#### [DATA FOR THIS TASK]
###

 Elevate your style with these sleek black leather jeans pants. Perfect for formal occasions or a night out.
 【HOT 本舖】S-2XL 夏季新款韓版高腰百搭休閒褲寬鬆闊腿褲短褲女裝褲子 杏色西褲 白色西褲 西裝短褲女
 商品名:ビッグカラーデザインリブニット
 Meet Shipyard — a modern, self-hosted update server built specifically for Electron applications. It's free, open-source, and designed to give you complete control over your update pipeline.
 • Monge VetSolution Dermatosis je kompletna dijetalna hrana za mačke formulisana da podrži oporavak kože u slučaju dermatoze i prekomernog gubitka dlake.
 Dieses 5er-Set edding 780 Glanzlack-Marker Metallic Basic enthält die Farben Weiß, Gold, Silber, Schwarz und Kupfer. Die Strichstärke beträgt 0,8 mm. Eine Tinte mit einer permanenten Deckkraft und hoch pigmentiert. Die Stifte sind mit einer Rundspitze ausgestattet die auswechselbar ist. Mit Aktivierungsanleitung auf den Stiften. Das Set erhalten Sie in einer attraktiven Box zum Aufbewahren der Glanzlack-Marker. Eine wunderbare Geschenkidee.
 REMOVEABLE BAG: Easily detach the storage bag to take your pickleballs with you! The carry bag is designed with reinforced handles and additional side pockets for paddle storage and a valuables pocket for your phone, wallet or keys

###

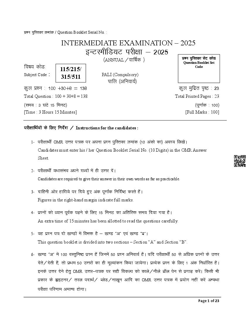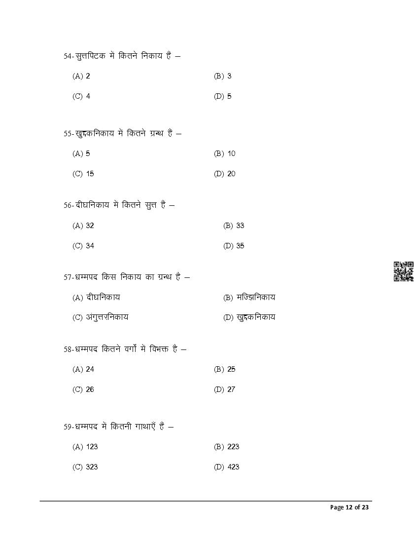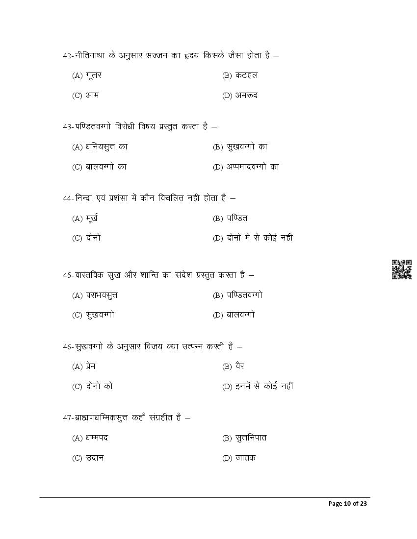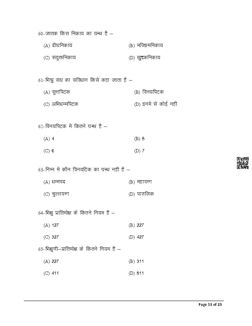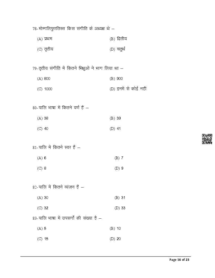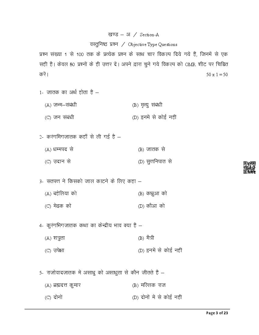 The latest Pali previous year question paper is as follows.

###

#### [EXERCISE DETAILS]
Of the lines above, output exactly those from the line bearing "杏色西褲 白色西褲 西裝短褲女" through the line bearing "REMOVEABLE BAG: Easily", inclusive.

#### [OUTPUT BELOW]
 【HOT 本舖】S-2XL 夏季新款韓版高腰百搭休閒褲寬鬆闊腿褲短褲女裝褲子 杏色西褲 白色西褲 西裝短褲女
 商品名:ビッグカラーデザインリブニット
 Meet Shipyard — a modern, self-hosted update server built specifically for Electron applications. It's free, open-source, and designed to give you complete control over your update pipeline.
 • Monge VetSolution Dermatosis je kompletna dijetalna hrana za mačke formulisana da podrži oporavak kože u slučaju dermatoze i prekomernog gubitka dlake.
 Dieses 5er-Set edding 780 Glanzlack-Marker Metallic Basic enthält die Farben Weiß, Gold, Silber, Schwarz und Kupfer. Die Strichstärke beträgt 0,8 mm. Eine Tinte mit einer permanenten Deckkraft und hoch pigmentiert. Die Stifte sind mit einer Rundspitze ausgestattet die auswechselbar ist. Mit Aktivierungsanleitung auf den Stiften. Das Set erhalten Sie in einer attraktiven Box zum Aufbewahren der Glanzlack-Marker. Eine wunderbare Geschenkidee.
 REMOVEABLE BAG: Easily detach the storage bag to take your pickleballs with you! The carry bag is designed with reinforced handles and additional side pockets for paddle storage and a valuables pocket for your phone, wallet or keys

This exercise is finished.